Question

$v \propto {a^x}{s^y}$ shows the relation between velocity, acceleration and displacement where $x$ and $y$ equals?
A. $1,\;1$
B. $2,\;1/2$
C. $2,\;1$
D. $1/2,\;1/2$

Answer 1

Hint: We will use dimensional analysis to find the dimensions on both sides of the proportionality. After finding the dimension on the right side of the proportionality, we will equate its exponents with the exponents of the same unit on the left side. Thus we shall obtain two equations of $x$ and $y$. Solving these simultaneous linear equations will give us the required answer.

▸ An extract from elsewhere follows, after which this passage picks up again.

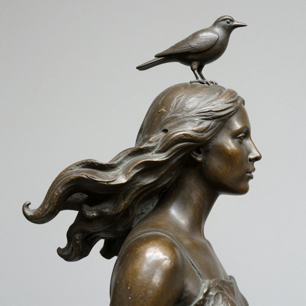 Photograph of a bronze sculpture depicting a side profile of a young woman with flowing hair, topped by a perched bird. The woman's face is serene, with detailed hair cascading in gentle waves. The bird, with a sleek, streamlined body, stands confidently on her head. The sculpture has a polished, dark bronze finish, contrasting with a plain, light gray background. The composition emphasizes the delicate balance between the human and avian elements, highlighting the sculpture's intricate textures and fine details.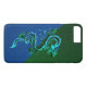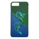 Colorful fantasy themed iPhone 7 Plus case done in a green on green gradient pattern, on the upper part of the case and a gradient blue pattern, on the lower part. Graphics artwork of a blue and green Chinese style dragon, decorates the middle of the case. Customize to add any text you want to this unique case.

Complete step by step answer:
Here we will use the dimensional analysis of the given formula to obtain the values of $x$ and $y$. The dimension of velocity $v$ in S.I. units is $\dfrac{{{\text{meter}}}}{{{\text{second}}}}$.
Similarly the dimension of acceleration $a$ in S.I. units is $\dfrac{{{\text{meter}}}}{{{\text{secon}}{{\text{d}}^{\text{2}}}}}$.
In the question above, the equation $v \propto {a^x}{s^y}$ has an exponent of $x$ upon the acceleration. Therefore the dimension of acceleration ${a^x}$ in S.I. units is $\dfrac{{{\text{mete}}{{\text{r}}^{\text{x}}}}}{{{\text{secon}}{{\text{d}}^{{\text{2x}}}}}}$.
Similarly the dimension of displacement $s$ is $\;meter$ in S.I. system of units. However in the question above, the equation $v \propto {a^x}{s^y}$ has an exponent of $y$ upon the displacement. Therefore the dimension of displacement ${s^y}$ in S.I. units is ${\text{mete}}{{\text{r}}^{\text{y}}}$.
The net dimension of ${a^x}{s^y}$ therefore equals $\dfrac{{{\text{mete}}{{\text{r}}^{\text{x}}}}}{{{\text{secon}}{{\text{d}}^{{\text{2x}}}}}} \times {\text{mete}}{{\text{r}}^{\text{y}}}$.
On simplifying we get the dimension as $\dfrac{{{\text{mete}}{{\text{r}}^{{\text{x + y}}}}}}{{{\text{secon}}{{\text{d}}^{{\text{2x}}}}}}$.
This should be equal to the dimension of the velocity which is $\dfrac{{{\text{meter}}}}{{{\text{second}}}}$.
Now equating the exponents of ${\text{meter}}$on both the sides of the proportionality, we have
$x + y = 1$.
Similarly, equating the exponents of ${\text{second}}$ on both sides of the proportionality, we get
$2x = 1$.
Thus we have the two equations as,
$x + y = 1$ and
$2x = 1$.
From the second equation we get
$x = \dfrac{1}{2}$.
Substituting this value in the first equation, we get
$\dfrac{1}{2} + y = 1$, or
$y = \dfrac{1}{2}$.
Thus the values of $x$ and $y$ as obtained are $x = \dfrac{1}{2}$ and $y = \dfrac{1}{2}$.
Therefore, the correct answer is option (D).

Note: Here we have used dimensional analysis to find the correct values of $x$ and $y$. Here we have to assume that the proportionality equation does not include any other such variables, but only includes a proportionality constant.